I'm reading at the moment a Theorem about $\;W^{2,2}\;$ estimates and the following is an assumption that must hold in order for the Theorem to be valid:
Let $\;f:\mathbb R^{n-1} \to \mathbb R\;$ be a $\;\mathcal C^2\;$ function such that if $\;U \subset \mathbb R^n\;$ then $\;f\;$ decribes $\;\partial U\;$ in a neighborhood of $\;x_0 \in \partial U\;$: $x_n=f(x_1,\dots,x_{n-1})\;$. ASSUMPTION: $$\;\frac{{\partial}^2 f(x_0)}{\partial x_i \partial x_j}=0\;\forall i\neq j\;$$
However, our professor stated that this assumption is not really necessary since through a rotation of the co-ordinate system we can always deduce the above.

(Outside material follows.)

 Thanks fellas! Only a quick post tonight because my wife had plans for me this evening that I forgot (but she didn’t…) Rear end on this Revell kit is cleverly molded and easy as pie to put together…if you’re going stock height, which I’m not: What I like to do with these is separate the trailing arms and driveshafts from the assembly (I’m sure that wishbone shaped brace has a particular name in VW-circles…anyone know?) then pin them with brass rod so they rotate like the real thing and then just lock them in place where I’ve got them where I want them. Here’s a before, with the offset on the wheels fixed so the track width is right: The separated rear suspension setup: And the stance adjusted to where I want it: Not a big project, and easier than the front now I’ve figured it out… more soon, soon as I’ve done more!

So, as I understand it, if $\;(x_1, \dots, x_{n-1})\;$ are the initial coordinates and $\;O\;$ stands for a rotation such that $\;O O^T=O^T O=I\;$ the new coordinates are given by: $\;y=Ox\;$ and $\;f(x)=\hat f(Ox)\;$.
Then after computation: $$\;\frac{{\partial}^2 f}{\partial x_i \partial x_j}=(O_{jm})^T\frac{{\partial}^2 \hat f}{\partial y_σ \partial y_m} O_{σi}\;, \text{ i.e. } \;{{\partial}^2}_x f=O^T {{\partial}^2}_y \hat f O\;(*)\;$$
Still I can't see why the above assumption could be ommited. Why is $\;(*)\;$ enough in order to deduce the given assumption?

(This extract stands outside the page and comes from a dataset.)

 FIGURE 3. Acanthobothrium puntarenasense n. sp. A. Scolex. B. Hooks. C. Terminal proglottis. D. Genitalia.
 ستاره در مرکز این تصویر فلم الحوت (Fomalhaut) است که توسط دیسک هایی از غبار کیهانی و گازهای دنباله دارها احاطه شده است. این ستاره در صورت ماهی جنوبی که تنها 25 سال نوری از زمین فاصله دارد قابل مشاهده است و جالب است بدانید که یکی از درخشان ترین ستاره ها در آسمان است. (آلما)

I'm having a really hard time getting my head around it so any help would be valuable. Thanks in advance!
Since $f\in C^2$, the matrix $$\tag{Hessian} D^2f(x_0)=\left[ \frac{\partial f}{\partial x_i \partial x_j}(x_0)\right]_{1\le i, j\le n}$$ is symmetric, and so there exists an orthogonal matrix $O\in \mathbb R^{n\times n}$ such that $O\, D^2f(x_0)\, O^T$ is diagonal.

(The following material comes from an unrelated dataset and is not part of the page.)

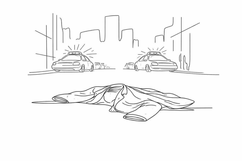 Camice bianco cura il respiro, ora giace a terra come una preghiera senza voce. L’asfalto freddo conserva domande come fiori sotto la neve. Sirene tagliano l’aria, la città piange in silenzio e il vento passa sulle ferite scoperte. La notte colpisce, come un manganello: una lezione imparata a forza. Mani alzate, inermi, cadono come neve sporca. Ciò che resta del silenzio sono singhiozzi trattenuti. Paura che chiede una libertà ancora viva. MM
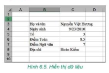 Em hãy quan sát kĩ hơn các ô và vùng trên trang tính. Xác định cách di chuyển con trỏ trên trang tính thông qua ô hiện thời. Xác định cách phần mềm đánh địa chỉ các ô và vùng dữ liệu. Trong Hình 6.2, ô ghi tên học sinh "Bùi Lê Đình Anh" được xác định như thế nào?

Define a new coordinate system by $$\tag{1} O\mathbf y= \mathbf x,$$ and set $g(y):=f(x)$, where, of course, $x$ and $y$ are related by (1). (That is, $g(y):=f(Oy)$). Using the chain rule, check that $$D^2g(y_0)=O\, D^2 f(x_0)\, O^T.$$ Conclude that the Hessian matrix of $g$ is diagonal at $y_0=O^Tx_0$.